Information supplied section start
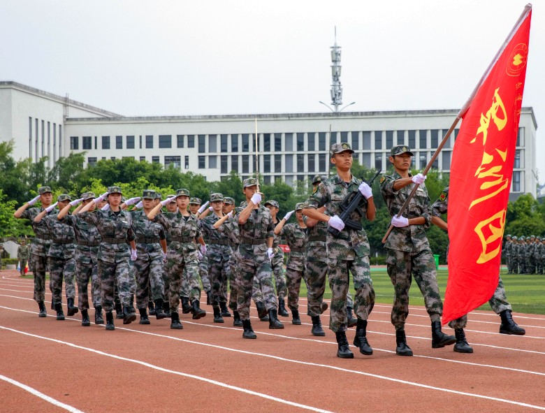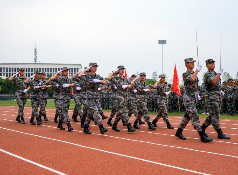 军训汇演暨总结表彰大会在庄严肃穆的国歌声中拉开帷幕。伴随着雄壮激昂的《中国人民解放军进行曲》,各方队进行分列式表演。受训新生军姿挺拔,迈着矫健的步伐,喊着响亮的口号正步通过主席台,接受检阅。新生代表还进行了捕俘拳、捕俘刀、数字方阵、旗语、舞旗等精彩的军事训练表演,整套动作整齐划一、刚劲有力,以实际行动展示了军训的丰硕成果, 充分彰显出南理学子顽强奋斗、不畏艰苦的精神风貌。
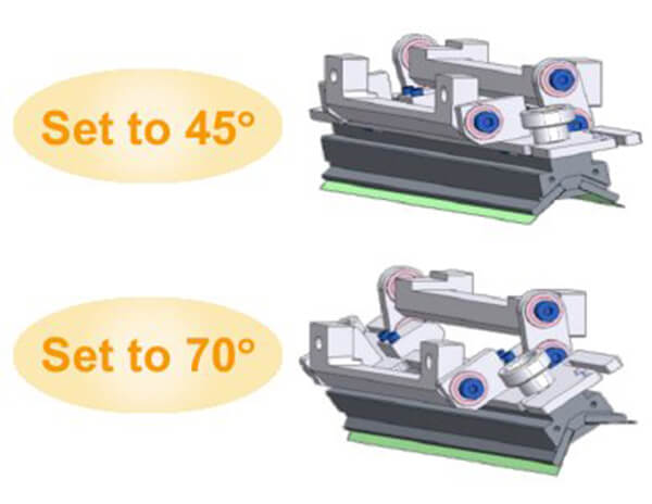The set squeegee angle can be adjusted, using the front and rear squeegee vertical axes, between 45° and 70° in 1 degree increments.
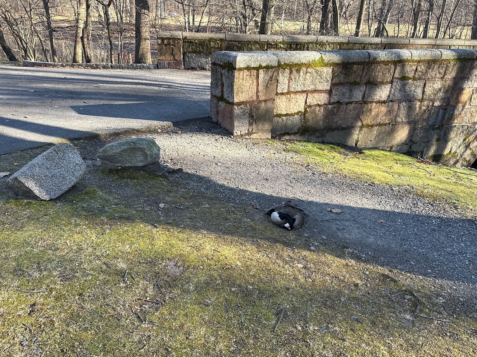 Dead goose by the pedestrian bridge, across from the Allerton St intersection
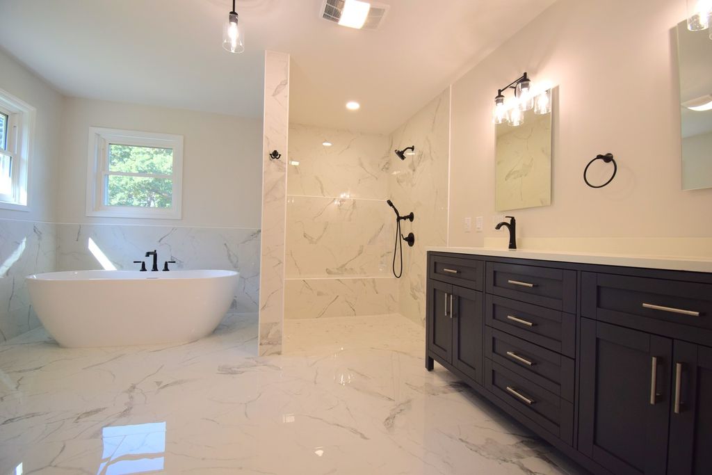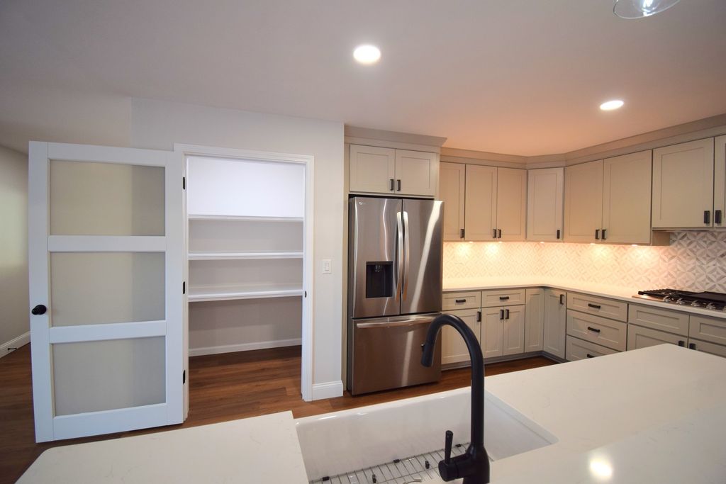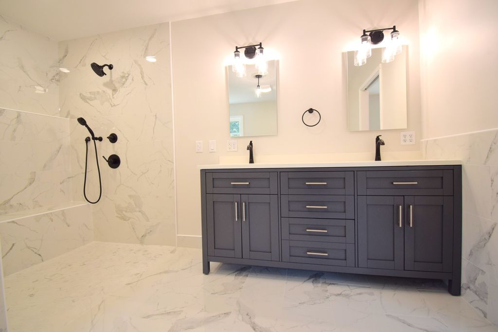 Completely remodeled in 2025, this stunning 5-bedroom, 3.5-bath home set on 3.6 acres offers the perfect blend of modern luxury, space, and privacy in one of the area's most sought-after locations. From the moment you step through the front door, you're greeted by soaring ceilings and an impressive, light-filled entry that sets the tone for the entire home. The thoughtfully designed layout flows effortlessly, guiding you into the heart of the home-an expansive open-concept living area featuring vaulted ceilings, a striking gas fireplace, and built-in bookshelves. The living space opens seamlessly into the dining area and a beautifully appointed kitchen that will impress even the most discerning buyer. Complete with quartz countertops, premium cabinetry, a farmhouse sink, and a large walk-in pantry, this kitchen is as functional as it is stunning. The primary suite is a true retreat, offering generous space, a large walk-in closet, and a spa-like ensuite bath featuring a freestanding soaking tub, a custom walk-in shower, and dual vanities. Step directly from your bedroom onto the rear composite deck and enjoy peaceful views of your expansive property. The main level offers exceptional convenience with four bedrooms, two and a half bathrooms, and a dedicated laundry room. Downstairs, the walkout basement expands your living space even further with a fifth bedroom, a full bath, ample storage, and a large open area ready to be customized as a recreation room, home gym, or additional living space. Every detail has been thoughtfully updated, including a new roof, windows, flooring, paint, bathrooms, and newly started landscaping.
Information supplied section end
### Task to carry out
Using the listing above, reproduce word for word every line from the one containing "The set squeegee" through the one containing "Dead goose by". Pictures must be left out.

### Task output
The set squeegee angle can be adjusted, using the front and rear squeegee vertical axes, between 45° and 70° in 1 degree increments.
 Dead goose by the pedestrian bridge, across from the Allerton St intersection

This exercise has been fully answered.